§ **Data under study**

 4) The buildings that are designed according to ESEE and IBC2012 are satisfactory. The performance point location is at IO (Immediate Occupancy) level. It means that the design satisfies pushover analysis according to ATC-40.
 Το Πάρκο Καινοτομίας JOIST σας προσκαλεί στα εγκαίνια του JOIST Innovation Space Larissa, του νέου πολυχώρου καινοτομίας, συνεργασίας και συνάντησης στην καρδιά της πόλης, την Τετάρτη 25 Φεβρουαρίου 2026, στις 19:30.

...

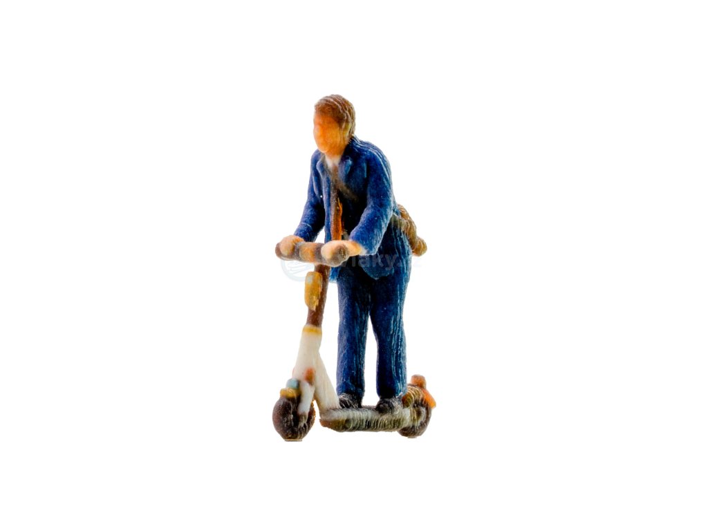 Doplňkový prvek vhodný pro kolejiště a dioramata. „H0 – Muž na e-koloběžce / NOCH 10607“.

§ **Task description**
Your task is to retype the entries verbatim, starting with the line that holds "4) The buildings" and stopping after the line that holds "Το Πάρκο Καινοτομίας".

§ **Solution for this task**
 4) The buildings that are designed according to ESEE and IBC2012 are satisfactory. The performance point location is at IO (Immediate Occupancy) level. It means that the design satisfies pushover analysis according to ATC-40.
 Το Πάρκο Καινοτομίας JOIST σας προσκαλεί στα εγκαίνια του JOIST Innovation Space Larissa, του νέου πολυχώρου καινοτομίας, συνεργασίας και συνάντησης στην καρδιά της πόλης, την Τετάρτη 25 Φεβρουαρίου 2026, στις 19:30.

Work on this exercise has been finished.